Introduction
Recovery can take different forms, depending on each person. For some, it means the end of their symptoms (e.g., restrictions, excessive exercise, bingeing, purging). For others, healing involves ending self-hatred, fear, guilt, and negative self-talk associated with an eating disorder. In a broader sense, recovery also means discovering a meaningful and happy life with healthy ways of dealing with the problems that occur.
Why should you recover?
A person with an eating disorder may not easily understand the benefits and value of healing. After all, behaviors related to eating disorders are often a way to treat problems or emotional pain. Indeed, our condition can give us the wrong impression of feeling in control when everything else in our lives feels chaotic.
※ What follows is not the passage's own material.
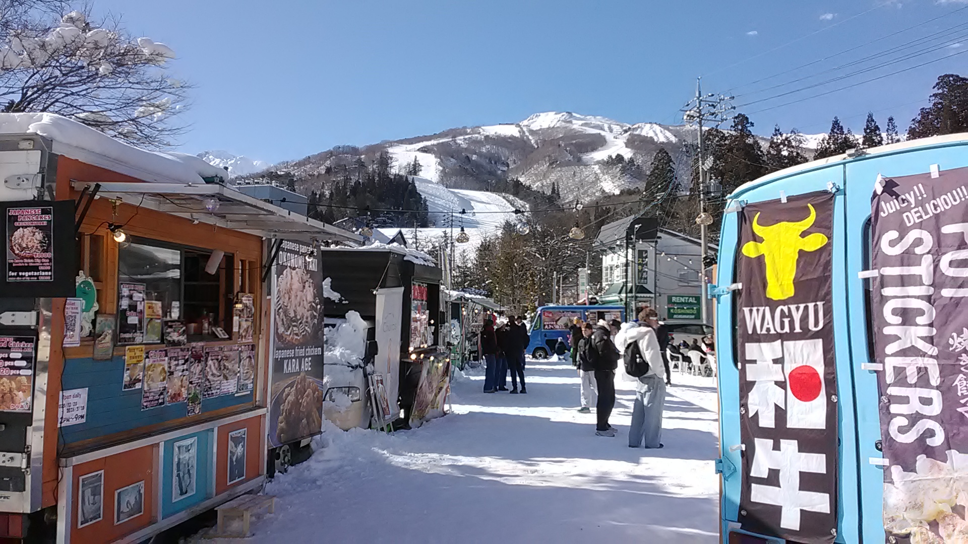 スキー場の近くには今シーズンも屋台村が出現していて、冬のみの屋台村です。客は100%ガイジンでした。

Here are some reasons to stop your eating disorder:
• No more living in fear, feeling sadness, or not liking yourself.
• No longer letting a number or scale of calories consumed dictate your mood or actions
• Feeling at ease with your body.
• You no longer always think about food or care about what you look like.
• Exercise will no longer be a necessity but a choice.
Where do you start from?
The very first and most important thing is to seek help from a professional. You may also consider using some self-help tools such as Practice self-compassion or Be honest with yourself.
You can learn these “techniques” by reading a good book or surfing the net.
Make a recovery diary
Fill a journal with optimistic thoughts and affirmations. Write down why you want to recover, how eating disorders have affected your life, what you want to be after five or ten years, and everything else that will help you motivate yourself to recover.
You cannot do this on your own
A person cannot give you the keys to healing. Instead, you probably need a team that requires you to take responsibility and the set of knowledge and skills you need to recover.
A dietitian specializing in eating disorders can help you navigate your eating rules and ultimately normalize your diet. In addition, a doctor (MD) or nurse (NP) can check your medical complications and provide you with the necessary real control over the severity of your illness.
Spend time with supportive people
Try to find people who are comfortable with their bodies and do not talk about diet and body image all the time.
You have your own clinical team, but where is your team? Do not let eating disorders isolate you from those you care about; and those who care about you!
Do things that are nourishing to your soul
If you deprive your body and brain of the proper nourishment, it will be very challenging to gain benefits ranging from therapy to mindfulness. In addition, regardless of body shape or size, malnutrition increases the risk of medical complications, non-morbid psychiatric symptoms, and twisted thinking.
Be skillfully smart
Disorders happen to be an incredibly effective mechanism for coping with certain things until it is not. Although it is an oversimplification of a very complex disease that can occur in genetics, temperature, trauma, and many other factors, it cannot be denied that eating disorders fulfill an immediate need to suppress or distract the unpleasant feelings or issues.
You cannot eliminate a coping mechanism whether or not it is a suitable adaptation without replacing it with something else. What about including coping strategies in your toolkit? Here is where all the dialectical behavior therapy hours will come in handy. What about mindfulness, art, or yoga?
Find your real self
Disorders are often ego-syntonic, or in other words, steady with the way one views their own self. So when you decide to get rid of an eating disorder, it might feel like having to leave a part of yourself that you may have held for so long.
Similarly, you need to add new ways to self-regulate yourself when you start refraining from eating disorders. Regaining your self-esteem is key to sustaining your recovery.
Be sincere and ready to try anything, stick to the thing, be kind to yourself and never forget: healing is possible.